═════ Material supplied

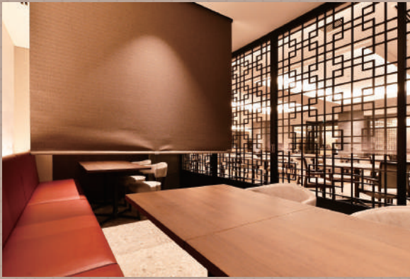
プライベート感あふれる個室
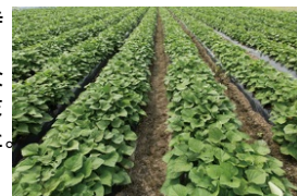
(株)さんわ農夢 サツマイモ農場

さんわ農夢(株)は、田をさつまいも栽培に適するよう独自に開発した土壌改良材を使用し、熟成させると糖度が約35度になる高品質で栄養豊富なさつまいもを栽培しており、取引先の評価も良好である。今後、地域内での生産量の増加が見込まれ、販路拡大が必要となっていることに加え、田で作るさつまいも「弘法の恵」「夢の芋」の認知度向上が課題となっていた。そこで、これらの課題を有する各者が、それぞれの経営資源を持ち寄って連携し、本事業に取り組むこととなった。
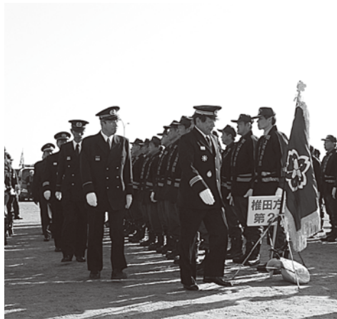
▲服装及び機械器具点検
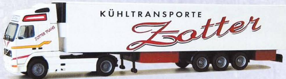
Best.-Nr. 320 082* Volvo XL Kühlkoffer "Zotter-Spedition" DM 34.-
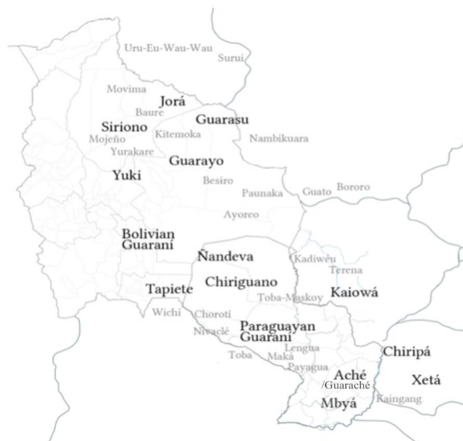
FIGURA 1 – Mapa de línguas do subgrupo Tupi-Guarani 1/2 (preto) e outras línguas indígenas (cinza) faladas no Paraguai e suas áreas de fronteira com o Brasil, Bolívia, Argentina.
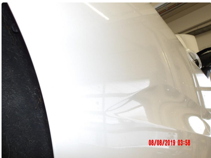
2.1 Generelt mye riper
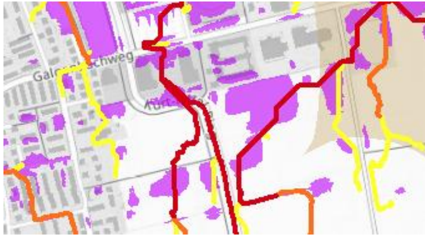
Abb. 4 Hinweiskarte Oberflächenabfluss, ohne Maßstab, abgerufen am 02.10.2025

Laut Hinweiskarte Oberflächenabfluss des Bayer. Landesamtes für Umwelt ist im Plangebiet mit Aufstaubereichen (pinkfarbene Flächen) und im näheren Umfeld mit Fließwegen mit starkem Abfluss (rote Linien) zu rechnen.
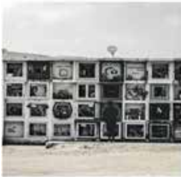
CCCV i L'Aula
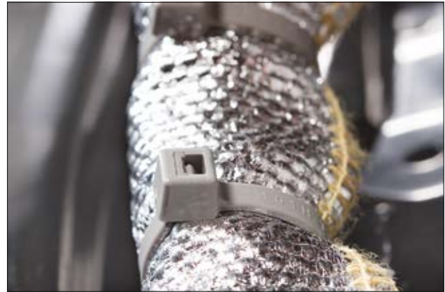
PA46 Kabelbinder eignen sich ideal für höhere Betriebstemperaturen bis +150 °C (PA46).
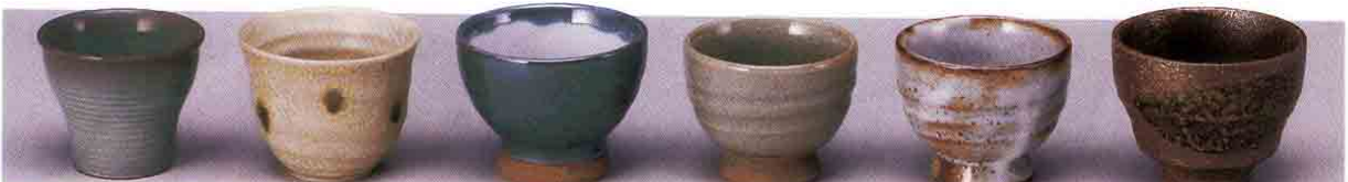
32037-26 240円 25262037 グリーン袖反千茶 (75×63mm) 32038-26 260円 25262038 マット水玉反千茶 (80×65mm) 32039-12 480円 25122039 グリーン厚口高台煎茶 (88×67mm) 32040-16 340円 25162040 ヒワ貴人千茶 (78×63mm) 32041-16 340円 25162041 ネズミ高台千茶 (78×64mm) 32042-20 260円 25202042 栗伊賀煎茶 (86×68mm)
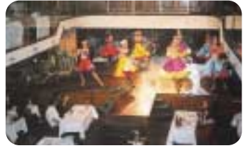
オペラハウス・ジョージタウンブリッジの踊りを見ながらディナークルーズ
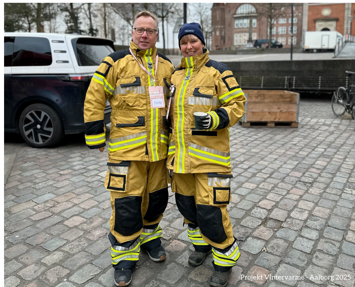
Projekt Vintervarme - Aalborg 2025

Nordjyllands Beredskab er ikke kun en arbejdsplads - det er et fællesskab. Her deles erfaringer, her støtter man hinanden, og her skabes en kultur, hvor alle bidrager til et fælles mål: at redde liv og skabe tryghed. Denne kultur er en styrke, som ingen teknologi kan erstatte. Vores værdier: Ordentlighed, Faglighed og Vi gør en forskel lever i den grad op til, og vores nyligt gennemførte undersøgelser af trivsel og fastholdelse bekræfter fællesskabsånden og det stærke beredskabs-DNA.
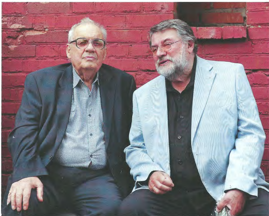
▲ Режиссер Эльдар Рязанов (слева) и актер Александр Ширвиндт на церемонии открытия памятника Людмиле Гурченко на Новодевичьем кладбище в Москве, 2012 год
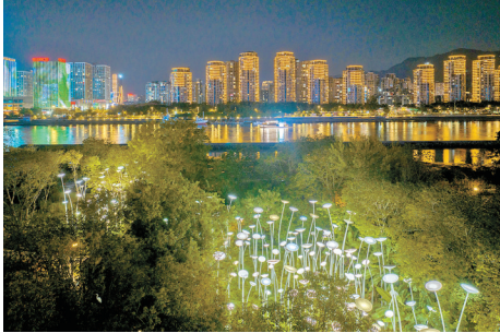
花海公园新增“金针菇灯”。

本报讯(记者 石磊磊)今年国庆中秋长假,不少市民游客选择夜游福州,感受高温褪去后的流光溢彩。记者从闽江公园管理处了解到,为了扮靓闽江沿线夜景,福州花海公园夜景系统升级,400多盏瓦楞灯带来全新的花瓣灯组,被游客们称作“金针菇”灯,不仅解锁了全新的游园打卡方式,还给闽江夜游增加了灵动和魅力。
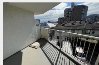
奥行きがあり、テーブルなども置けるバルコニー
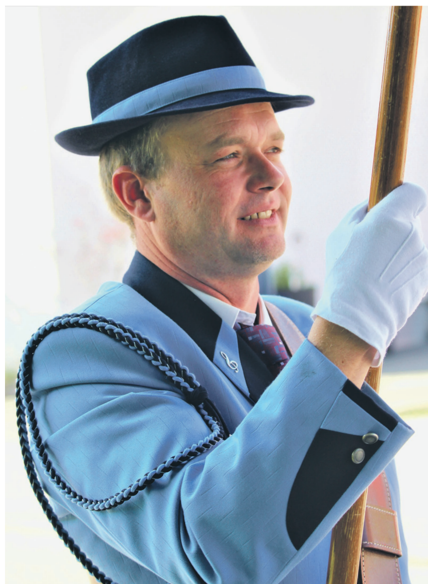
Die gute Laune des Fähnrichs steckt an.
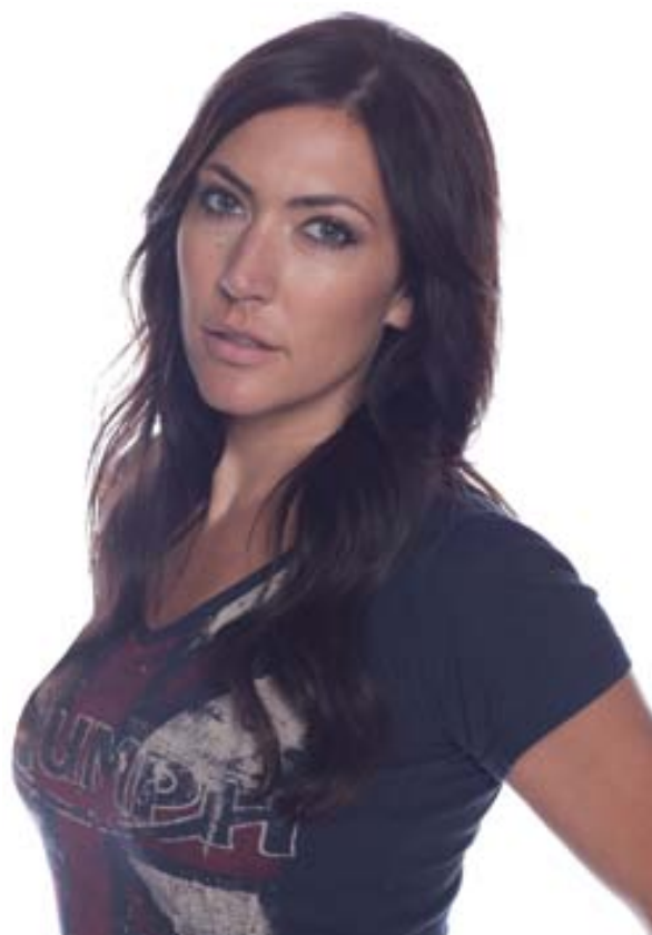
T-Shirt Navy Union Flag 100% single jersey con collo a "V" e stampa invecchiata
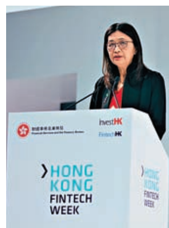
◆梁鳳儀表示，獲特首任命為下任香港證監會行政總裁，深感榮幸，將會繼續鞏固香港國際金融中心地位。資料圖片

梁鳳儀升遷之路頗為順遂，畢業於香港中大社會科學系的她，在哥倫比亞大學取得新聞碩士學位，曾於亞洲華爾街日報任職10年，1994年加入金管局，2000年升為金融管理局助理總裁。2008至2013年，成為首任財經事務及庫務局副局長，同時為香港貿易發展局財經事務諮詢委員會成員。2015年轉任證監會執行董事，掌管投資產品部，現為副行政總裁兼中介機構部執董。
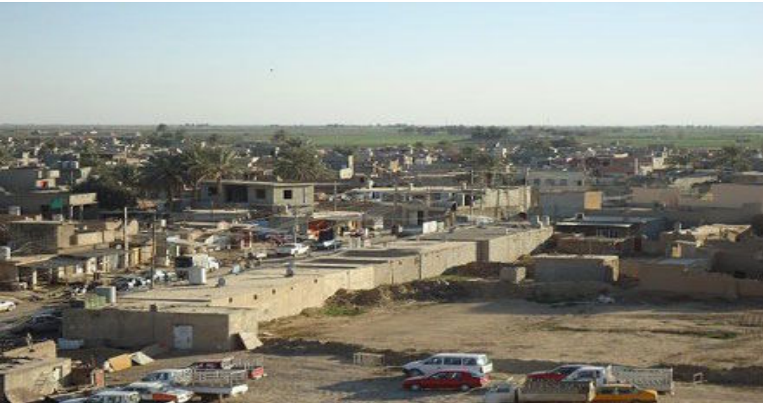
الخبير القضائي - حسين داود سلوم
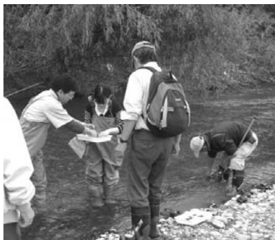
▶ 昨年の水生生物の観察

＜内容＞ 私たちの周りにある身近な水に関する環境問題について、一緒に考えてみませんか。水に関する環境を見つめ直し、さまざまな角度から学べる講座です。 ＜日程＞ 下表のとおり ＜対象＞ 市内に在住の人 ＜定員＞ 20人(先着順) ＜費用＞ 無料。ただし、8月9日(土)のフィールドワークの昼食代は、自己負担となります。 ＜申込開始日＞ 5月1日(木) ＜その他＞ 全ての講座に出席した人に、彦根市環境保全指導員資格をお渡しします。 ＜申込・問い合わせ先＞ 彦根市環境保全指導員連絡会議事務局(園生活環境課内) ☎30・6116番、FAX27・0395番

══════════

* [Problem details]:
Each line that contains the string "Hinweiskarte" should be copied from the data above.

* [Worked solution]:
Abb. 4 Hinweiskarte Oberflächenabfluss, ohne Maßstab, abgerufen am 02.10.2025
Laut Hinweiskarte Oberflächenabfluss des Bayer. Landesamtes für Umwelt ist im Plangebiet mit Aufstaubereichen (pinkfarbene Flächen) und im näheren Umfeld mit Fließwegen mit starkem Abfluss (rote Linien) zu rechnen.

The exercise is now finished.